Relaxin-3 serum levels, which are believed to function in stress, excitation, and memory, were investigated in our study [6]. According to these results, relaxin-3 may have an effect on speaking from verbal communication skills and listening from non-verbal communication skills. In this study, communication skills were evaluated through clinical examinations, and the CARS and ABC scales, which were completed by the parents. In future studies, investigating the relationship between serum relaxin-3 levels and communication skills and social skills, through interviews such as the Autism Diagnostic Observation Schedule and the Autism Diagnostic Interview-Revised, will enable us to better understand the effect of relaxin-3 on communication skills.

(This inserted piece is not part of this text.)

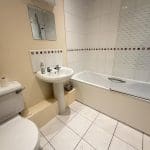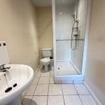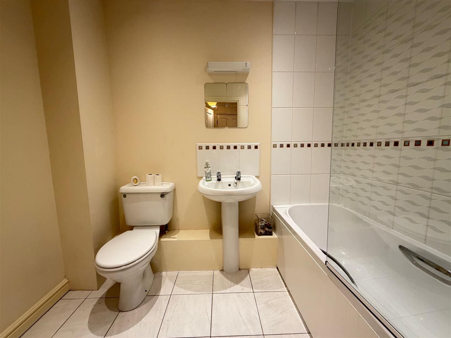 With three piece suite in while, shower over the bath, tiled floor, electric heater and ceiling spotlights

A prospective evaluation of the relationship between the change in communication skills and the relaxin-3 level will enable us to better understand the role of serum relaxin-3.

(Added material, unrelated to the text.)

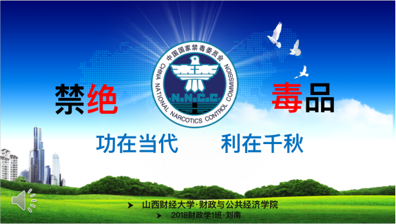 本科2018级财政学一班的学生。提到作品的思路来源,刘南同学表示电影《湄公河行动》是他最大的灵感来源,影片中流露出来的爱国主义情怀,让他忍不住向为禁毒事业献出生命的烈士致敬!课件由湄公河行动导入,围绕禁毒,从认识毒品之源、把握毒品之害、罪恶毒品之思、打赢禁毒战争四个方面入手,分别就毒品的概念和种类、毒品对个人家庭社会造成的危害、对万恶毒品的反思、打赢禁毒战争的历史和现实渊源以及党的十八大以来我国禁毒战争取得的成就进行了详细介绍,警醒大家要严守法律底线,深刻把握党的十八大以来我国将禁毒战争进行到底的决心。

Considering the studies that showed that relaxin-3/RXFP3 signaling was associated with a significant cumulative increase in food intake and body weight during both the acute and chronic phase [17,18,45], it was also found in our study that liquid food intake increased and satiety behavior and food fussiness behavior decreased as the serum relaxin-3 level increased in children with ASD. In the literature, RXFP3 blockage reversed the orexigenic effect of acute RXFP3 activation [17,46]. However, chronic hypothalamic RXFP3 signaling (viral-mediated hypothalamic delivery of an RXFP3 agonist for 3 months) has been reported to reduce hypothalamic oxytocin mRNA by ~50% [47]. Another study using a rat model showed that central administration of peptide antagonists for RXFP3 reduced self-administration of alcohol [44]. Given that relaxin-3 is involved in regulating appetite, according to the findings, it may regulate appetite directly or through a peptide/hormone, such as orexin or oxytocin. In future studies, investigation of the relationship between oxytocin and orexin levels and relaxin-3 will enable us to better understand the effect of relaxin-3 on appetite.

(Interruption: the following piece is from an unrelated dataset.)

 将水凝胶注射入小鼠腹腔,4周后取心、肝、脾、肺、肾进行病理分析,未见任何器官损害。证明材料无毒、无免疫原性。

Our study is of importance because it is the first to investigate serum levels of relaxin-3, which has a role in regulating social behavior and nutritional behavior in children with ASD. In our study, the relaxin-3 levels in children with ASD were found to be higher than in the controls. Further investigation and verification of this difference between the groups with a wider sample in future studies may enable relaxin-3 to be used as a biomarker in ASD. As the most important limitation, a causality relationship could not be established due to the cross-sectional nature of the study. Another limitation is that appetite and nutrition were evaluated only by parent reports. The use of appetite and nutrition-related biomarkers in future studies will help us better understand the relationship between relaxin-3 and appetite.

Finally, the findings of this study have important implications. Our findings suggest that additional research is needed to study the effects of serum relaxin-3 levels on both communication and appetite in children with ASD. In addition, the investigation of the mechanism underlying the different levels of relaxin-3 between ASD and the control group may be of importance in clarifying the etiology of ASD, as well as its follow-up and treatment.